AITA for wanting my name on Christmas presents I didn’t help pay for?

I (31F) have been dating my bf (37M) for 3 years living together for 1. Early on in the relationship I told him I would split 50/50 money for birthday and special occasion presents for his friends and family. I did say spefically I didn’t want to be a gf who just sticks her name on a card and wanted to be a part of the family.

When our first Christmas together came around I was very upfront and told him helping him with his Christmas gifts AND my family’s would be too much for me and I would want this to be an exception to the rule. He does his family’s gifts, and I do mine and everything is from both of us. This was fine until last year when he decided he would only put down his name if I didn’t help pay for his family’s gifts.

Now for this year, I’m big time broke. Like I gave everyone in my family back in September a heads up that I was probably only be able to get the kids gifts and it’s probably only gonna be $20 gifts cards (they ask for gift cards/money every year but I usually refuse because I want to give them something they can unwrap) Problem is now I CANT help my boyfriend pay for his family’s stuff and he’s STILL gonna say it’ll just be from him. I’m on good enough terms with his family that this won’t matter but I’m hurt with his intention.

So AITAH for not helping pay for Christmas gifts even when I can or is he the asshole for not saying it’s from the both of us?

Details that may or may not be relevant

1) I am a feminist. I want our relationship to be even and fair but I feel like he’s getting hung up on keeping score.

2) Originally I made more money than him and there were plenty of times were we were supposed to split the costs of a special occasion gift and I just ended up paying for it myself.

3) On top of me being broke this year, HE GOT A RAISE LAST MONTH. He now makes more than me.

4) I have a much smaller friend/family group than he does and therefore NEVER HAD HIM SPLIT THE COSTS OF GIVING GIFTS TO THEM. As we hardly ever see them or he doesn’t know thenm very well through no fault of his own.

5) FINALLY THE BIG KICKER
He was complaining that all together his nieces presents are going to be $75 then I pointed out that 2 weeks ago I gave $100 to his aunt who’s husband recently passed away because my bf told her WE would… I paid it. He didn’t help. I didn’t ask him to pay me back. He doesn’t see how that’s relevant.

11 thoughts on “AITA for wanting my name on Christmas presents I didn’t help pay for?”
  1. initially i thought you might be but after hearing about how you paid for stuff and allowed it to still be from both of you i think NTA. your boyfriend sounds cheap as hell and him not seeing how that’s relevant sounds like a cop out. personally i could never date someone who i don’t consider generous but that’s for you to decide. in this situation i think he’s being weird and technical

  2. NTA. It sounds like you have a serious BF problem. He won’t put your name on these Christmas presents unless you pay for it, but you gave HIS aunt $100 that he didn’t pay back. The fact that he doesn’t see the hypocrisy here is a major red flag.

    His money is HIS money, but your money is OUR money. If you’re planning a future with this guy, I’d think carefully about whether you’re on board with dealing with this kind of crap long term.

  3. Do you guys even like each other? There is a lot of bean counting happening.

    I still don’t think that you’re the asshole, but you also don’t seem happy with him either.

  4. He doesn’t put down your name on the gift if you don’t pay? And… you won’t give gift cards or money which people actually want because you prefer some showy thing that looks nice?

    Ugh.
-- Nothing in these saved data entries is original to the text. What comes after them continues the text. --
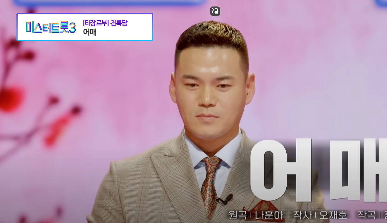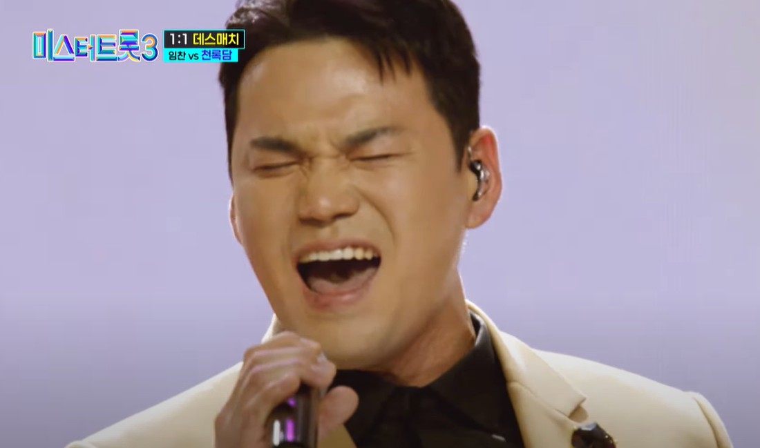 미스터트롯3 6화 1:1 데스매치에서 트롯 신인 이정(천록담)은 진성의 님의 등불로 7년차 현역 임찬과 맞붙었습니다.
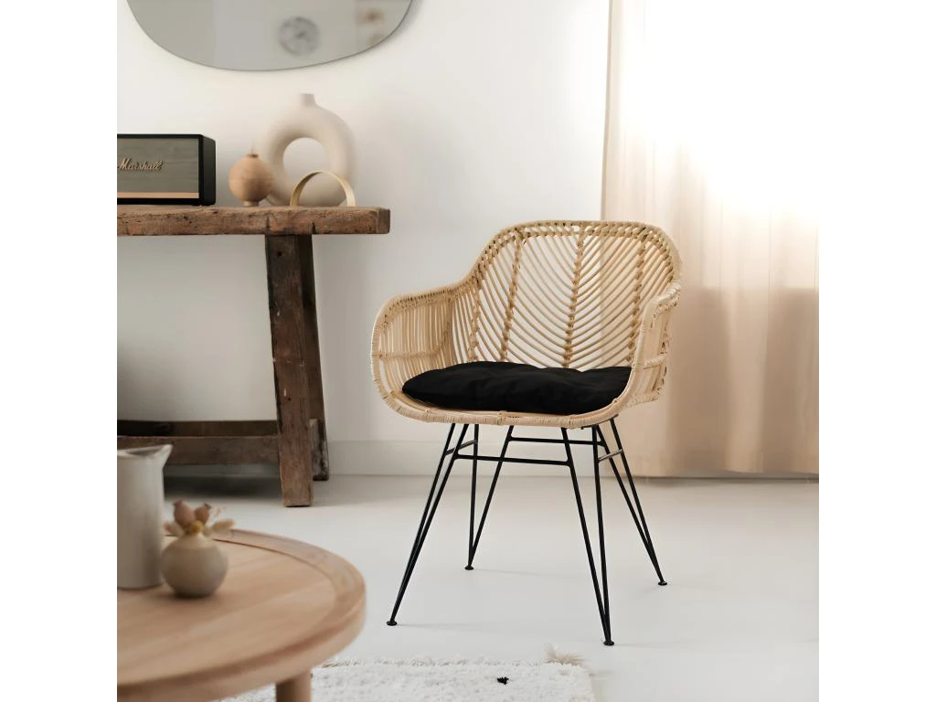 Sa coque en rotin travaillĂ©e main, joue les mix&match, entre exotisme des matières et modernitĂ© des courbes… Et pour plus de confort, le fauteuil de table Nunuhai est Ă©quipĂ© d’un petit coussin noir en tissu polyester.
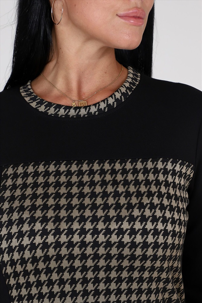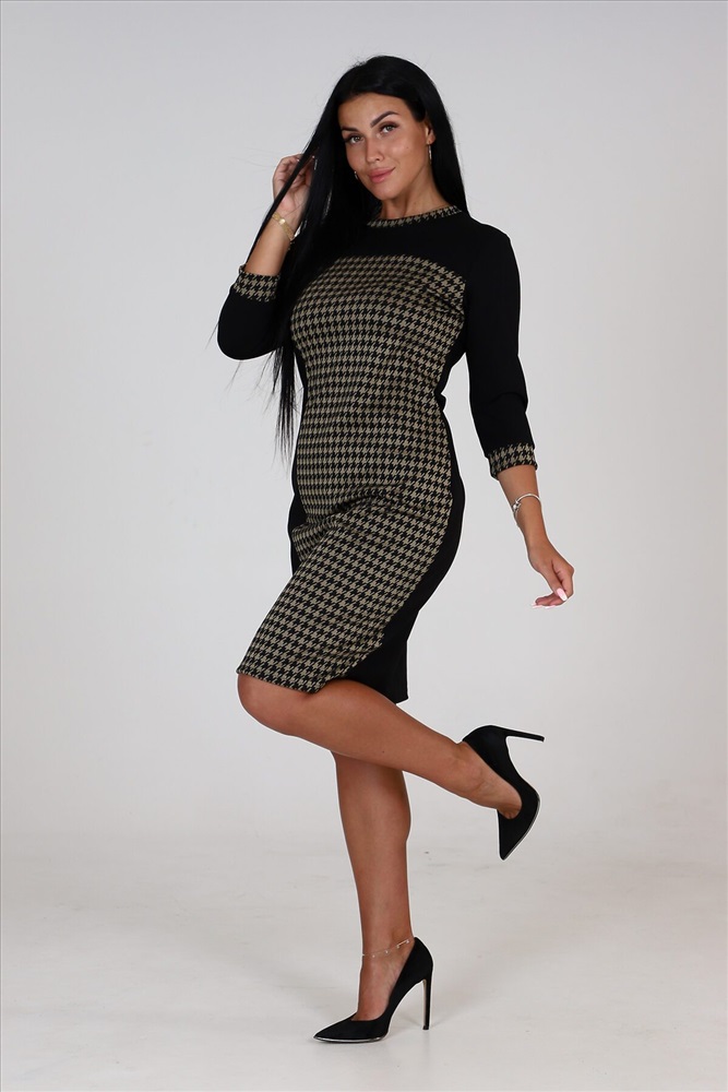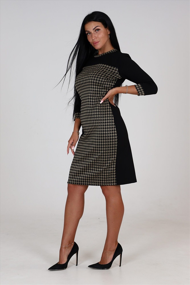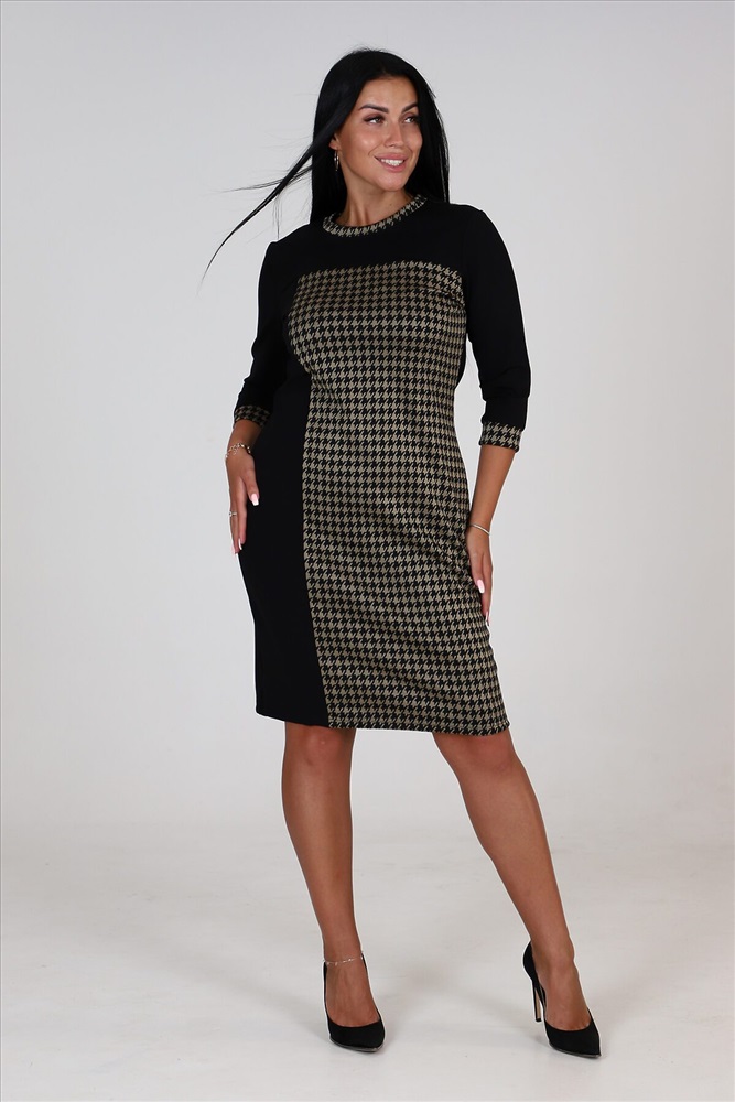 Производитель: НАТАЛИ ID товара: 875685 Состав: Полиэстер - 95%, Эластан - 5% Сезон: Весна/Лето Длина: До колена Фасон: Полуприлегающий Рукав: 3/4 Вырез горловины: Округлый Рисунок: Гусиная лапка Основная ткань: Джерси Стиль: классический Страна бренда: Россия Страна производства: Россия

ESH

  5. So early on you made a decision to do this 50/50 thing, then the first Christmas you backed out? And now the third Christmas you are backing out too?

    Ya, YTA. Just do your own family and only put your own name and he does the same for his family.

  6. Why are you yelling all the way through this post?

    YTA. You said you wanted to do a 50/50 split and you are now not wanting and/or able to do it for the second year in a row. You’ve only been together for three years.

  7. YTA.

    Opens with – I don’t want to be a gf that just sticks her name.

    Then proceeds to – I can’t pay so I just want to stick my name.

  8. Uh I’m going with ESH.

    He is ta because it’s really weird he doesn’t want to put your name on his family’s presents when you put his on yours and this is an established system. He apparently hasn’t come to you saying why it really bothers him, which is just weird and annoying. Also him keeping score of his side and disregarding your contributions to your partnership is super frustrating.

    You, however, are also keeping score it seems. You seem resentful that you’re paying stuff for his family. Have you spoken to him calmly about your issues and why you’re having a hard time? If you have and he is disregarding it, then you’re ta to yourself for staying with someone who doesn’t care about your struggles.

    Overall it doesn’t seem like you two are compatible, cause all this score keeping is just gonna build so much resentment that it seems like it won’t be worth staying together soon. Relationships should not be transactional, and yours sure seems to be.